Infrastructure Services
Some of the aspects to consider are, whether the underlying data centre infrastructure supports ToR resiliency, i.e. features like link bundling (bonds), BGP, support for anycast service, load balancer, firewall, Quality of Service.
As seen in previous sections, to deploy applications at scale, it will need certain capabilities to be supported from the infrastructure. This section will cover different options available, and their suitability.
ToR connectivity
This being one of the most frequent points of failure (considering the scale of deployment), there are different options available to connect the servers to the ToR. We are going to see them in detail below,
Single ToR
This is the simplest of all the options. Where a NIC of the server is connected to one ToR. The advantage of this approach is, there is a minimal number of switch ports used, allowing the DC fabric to support the rapid growth of server infrastructure (Note: Not only the ToR ports are used efficiently, but the upper switching layer in DC fabric as well, the port usage will be efficient). On the downside, the servers can be unreachable if there is an issue with the ToR, link or NIC. This will impact the stateful apps more, as the existing connections get abruptly disconnected.
Fig 4: Single ToR design
Dual ToR
In this option, each server is connected to two ToR, of the same cabinet. This can be set up in active/passive mode, thereby providing resiliency during ToR/link/NIC failures. The resiliency can be achieved either in layer 2 or in layer 3.
Layer 2
In this case, both the links are bundled together as a bond on the server side (with one NIC taking the active role and the other being passive). On the switch side, these two links are made part of multi-chassis lag (similar to bonding, but spread across switches). The prerequisite here is, both the ToR should be part of the same layer 2 domain. The IP addresses are configured on the bond interface on the server and SVI on the switch side.

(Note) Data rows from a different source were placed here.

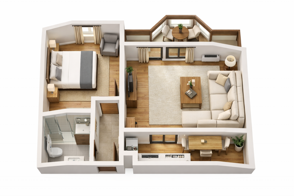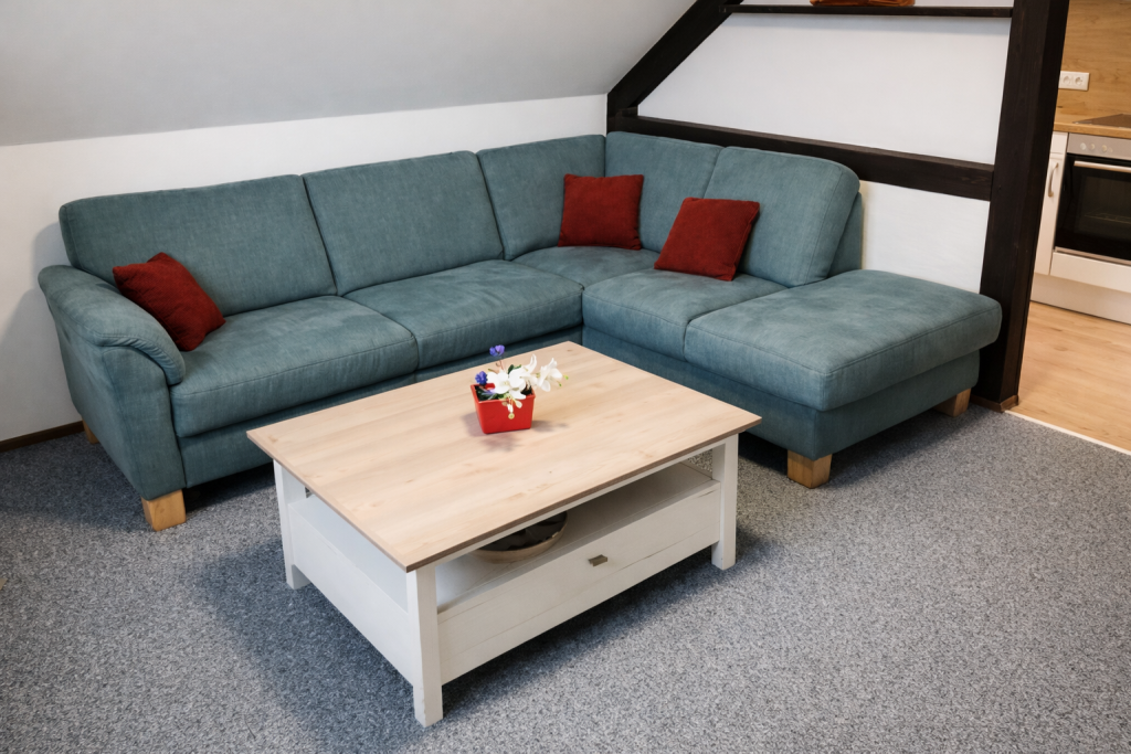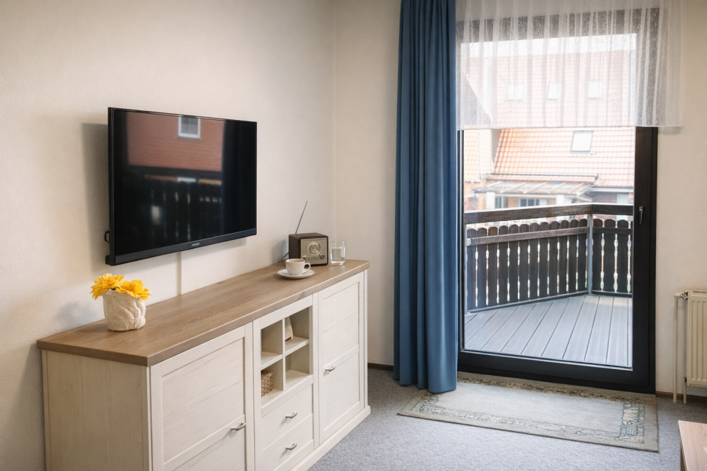 Wohnung 3 bietet 48m² Wohnfläche und besitzt einen Balkon mit perfekter Südausrichtung. Dieser ist vom Wohnzimmer aus zu erreichen. Das Wohnzimmer selber ist mit einem Sofa, einem Sessel und einem Fernseher ausgestattet.
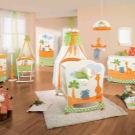 The material should choose soft shades, so as not to disturb the calm of the child before bedtime. Also, the colors should be combined with the interior and color of bed linen.
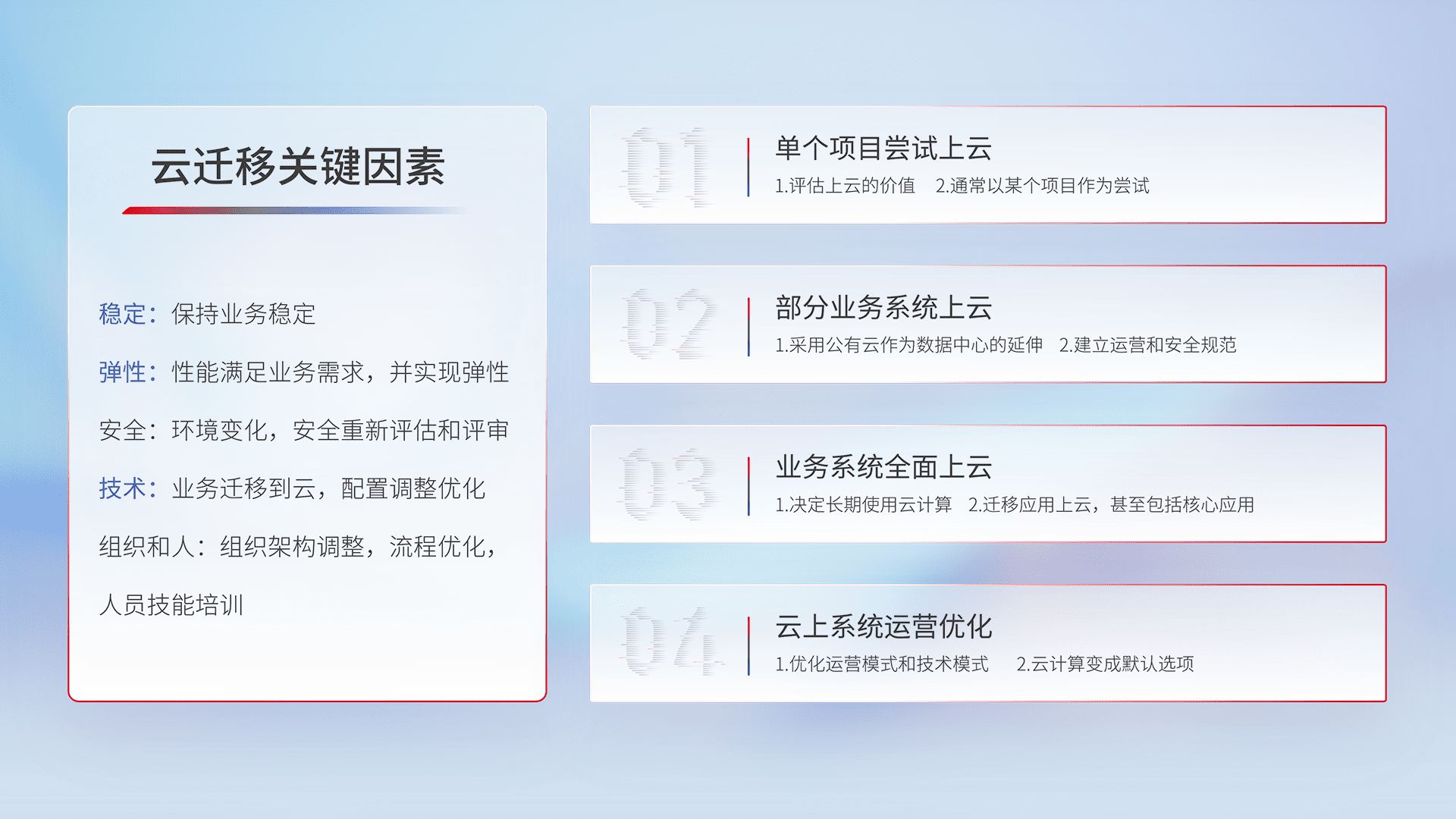 结合实际业务,,,,从规划设计、、云平台选型、、云原生改造、、、数据迁移、、、集成交付,,,,迁移全过程为客户识别最佳上云路径,,,做好风险识别管理,,,设计网络架构、、、身份权限、、、安全审计合规、、操作审计、、、、日志审计、、监控告警策略、、、多站点容灾设计等,,,,对云上基础设施进行整体规划,,,提升IT治理水平,,,,以满足弹性、、、、高可用、、、高性能的需求。。。。

Note: In this, the ToR 2 role is only to provide resiliency.
Fig 5: Dual ToR layer 2 setup
Layer 3
In this case, both the links are configured as separate layer 3 interfaces. The resiliency is achieved by setting up a routing protocol (like BGP). Wherein one link is given higher preference over the other. In this case, the two ToR's can be set up independently, in layer 3 mode. The servers would need a virtual address, to which the services have to be bound.
Note: In this, the ToR 2 role is only to provide resiliency.
Fig 6: Dual ToR layer 3 setup
Though the resiliency is better with dual ToR, the drawback is, the number of ports being used. As the access port in the ToR doubles up, the number of ports required in the Spine layer also doubles up, and this keeps cascading to higher layers.
Type | Single ToR | Dual ToR (layer 2) | Dual ToR (layer 3) |
---|---|---|---|
Resiliency1 | No2 | Yes | Yes |
Port usage | 1:1 | 1:2 | 1:2 |
Cabling | Less | More | More |
Cost of DC fabric | Low | High | High |
ToR features required | Low | High | Medium |
1 Resiliency in terms of ToR/Link/NIC
2 As an alternative, resiliency can be addressed at the application layer.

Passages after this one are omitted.